In order to make a connection between two stands of drill pipe, the recesses 3 and 13 in the wrenching 1 and back-up 11 tongs are aligned (the tongs may already be in this configuration following the removal of the tongs from a previous section of tubing). Two stands of drill pipe 25, 26 are then introduced into the openings 2, 12 in the wrenching and back-up tongs 1, 11, respectively, through the recesses 3, 13, and the lower stand 26 is clamped in position in the back-up tong 11. The upper stand 25 is introduced into the drill pipe spinner 24, and rotated at high speed in order to pre-tighten the threaded connection. The final high torque will be applied by the wrenching tong 1.
The upper stand 25 is now clamped in position in the opening 2 through the wrenching tong 1. The pinion drives 4 are then driven to torque the connection between the stands 25, 26 until the connection is fully tightened or until one of the pinion drives 4 is at the edge of the recess 13, at which stage the wrenching tong 1 is at one end of its possible arc of travel relative to the back-up tong 11. The maximum wrenching angle which can be reached in one cycle in the embodiment shown is +/−75°. If necessary, the upper stand 25 can then be released from the wrenching tong 1, the tong returned to its original position, and the torquing process repeated.
To break a connection, the above operation is reversed.
An even larger wrenching angle can also be simply achieved with this arrangement, as shown in FIG. 7. The stands of drill pipe 25, 26 are introduced to the tongs 1, 11 through the recesses 3, 13 and pretightened using the drill pipe spinner 24 as described above. However, before the top stand 25 is clamped in place in the opening 2, the wrenching tong drive is reversed, and the wrenching tong 1 is driven to its end position relative to the back-up tong, as shown in FIG. 7. The top stand 25 is now clamped with the tongs in this position, so that with the embodiment shown a wrenching angle of 150° is achievable.
FIG. 8 shows a similar arrangement of a composite wrenching tong and back-up tong to that described above. However, in this case only one pinion drive 4 is used, which increases the possible wrenching angle to 300°.

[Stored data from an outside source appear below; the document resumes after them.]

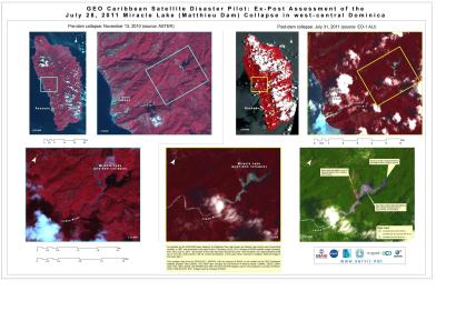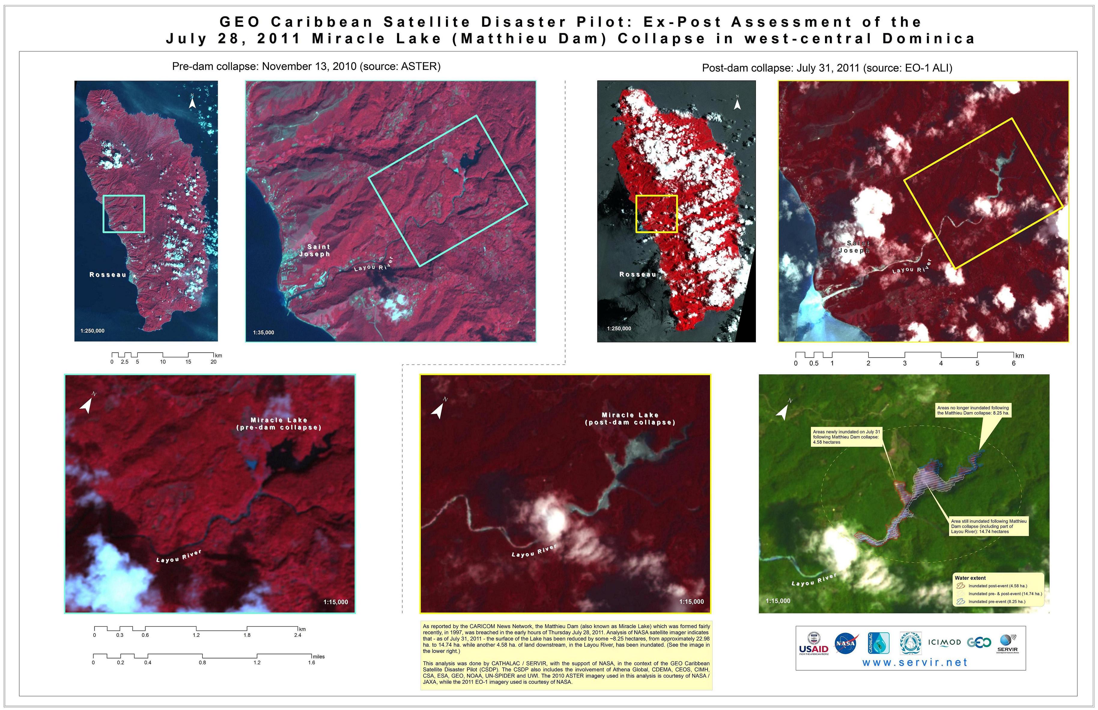 In the early morning of July 28, 2011, Dominica's Matthieu Dam was breached, damaging infrastructure downstream in the Layou River valley. In the context of the ongoing Caribbean Satellite Disaster Pilot, an initiative involving a host of entities including the Caribbean Disaster & Emergency Management Agency, CATHALAC, NASA, UN-SPIDER, and others, recently completed an assessment of the Matthieu Dam collapse. That assessment indicates that the collapse of the Matthieu Dam reduced the Miracle Lake's surface by some ~8.25 hectares, and as evident in the July 31, 2011 imagery, the banks of the Layou River below the Dam were also breached, putting an additional 4.58 hectares of land under water.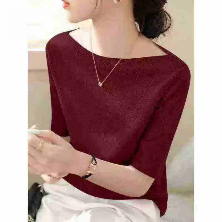 中袖洋气螺纹一字领上衣内搭纯欲风T恤显瘦打底衫,单...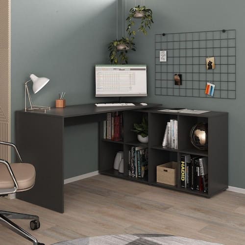 Escrivaninha em L Mesa Office 8 Nichos Nero II Preto - Escrivaninha Nero: Organização, Estilo e Produtividade para o Seu Espaço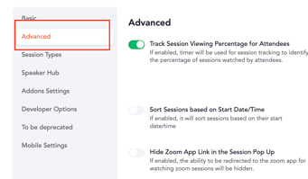 Navigate to the backend of your event platform and open the Sessions Listing area. From there, go to the Advance Settings section.

FIG. 9 shows another similar arrangement, with two pinion drives 4 being used as in FIGS. 1 to 7. This time the pinion drives 4 are not opposite each other, but spaced 120° each side of the recess 3. This gives the advantage of the torque and control provided by two drives, but allows a higher wrenching angle than the arrangement of FIG. 1. The maximum wrenching angle in this embodiment will be in the region of 210°.
The torque can be monitored by measuring the reaction torque at each drive by means of a load cell, or by measuring the pressure of the drive motor.

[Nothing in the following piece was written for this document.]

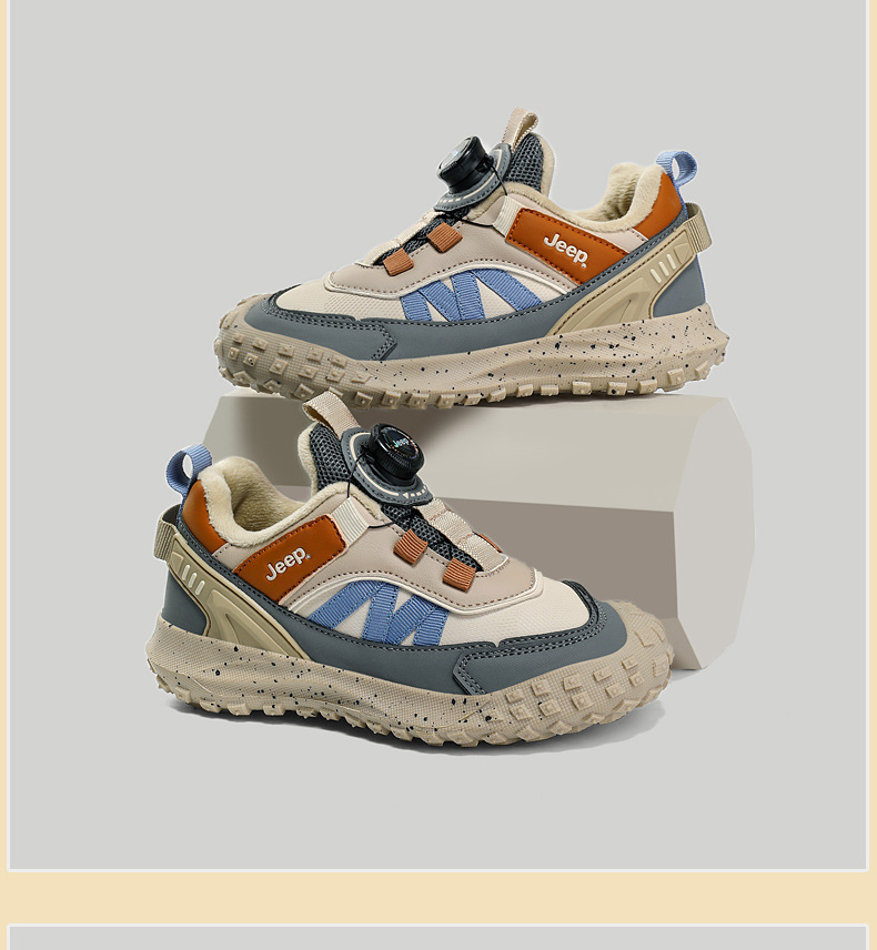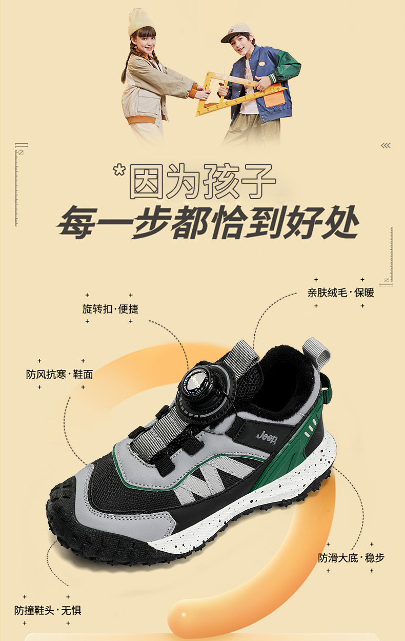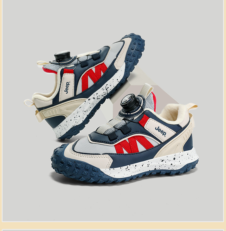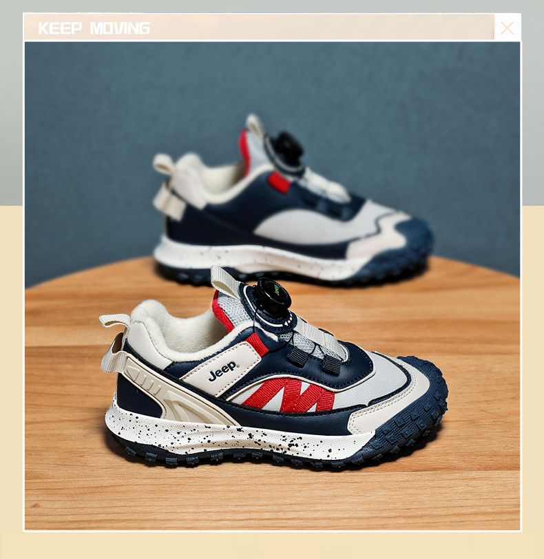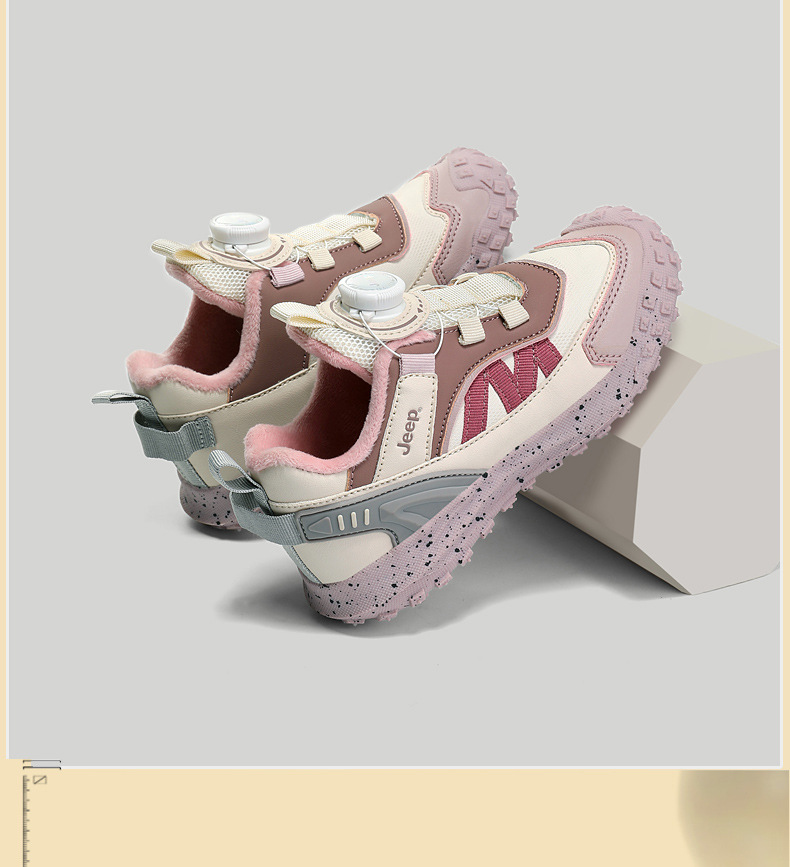 지프 소녀 운동화 2023 가을과 겨울 새로운 회전 버튼 신발 따뜻한 기모 면화 패딩 신발 방수 경량 아동용 신발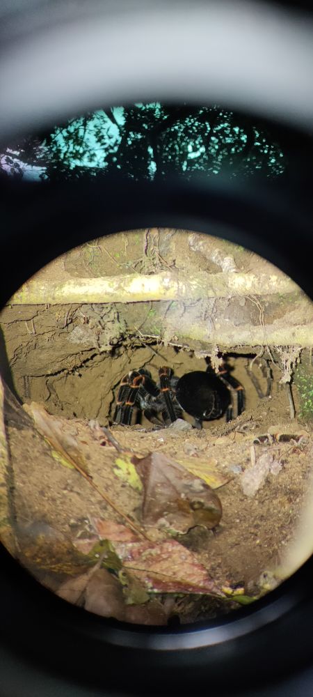 Als besondere Dreingabe betrachten wir eine Tarantel, die laut Olmán vor zwei Wochen ihr Erdloch nah am Weg gegraben hatte.

It is to be understood that other variations are possible while still falling within the scope of the invention. For example, the preferred embodiments show an arrangement whereby the pinion drives are mounted on the wrenching tong and the gear is mounted on the back-up tong. However, the arrangement could be the other way round with the pinion drives mounted to the back-up tong and the large gear mounted on the wrenching tong. Such an arrangement is illustrated in FIG. 10.
Alternatively, the wrenching tong could be provided with a gear, and the pinion drives mounted on the frame 24.
Hydraulic clamping cylinders are shown, but the tong could clamp the drill pipe stands by any known means.
The preferred embodiments show one or two pinion drives, but more could be used if arranged in a suitable configuration.
Although the preferred embodiments have been described in relation to tightening stands of drill pipe, it is to be understood that the arrangements described are suitable for applying torque to any tubular sections.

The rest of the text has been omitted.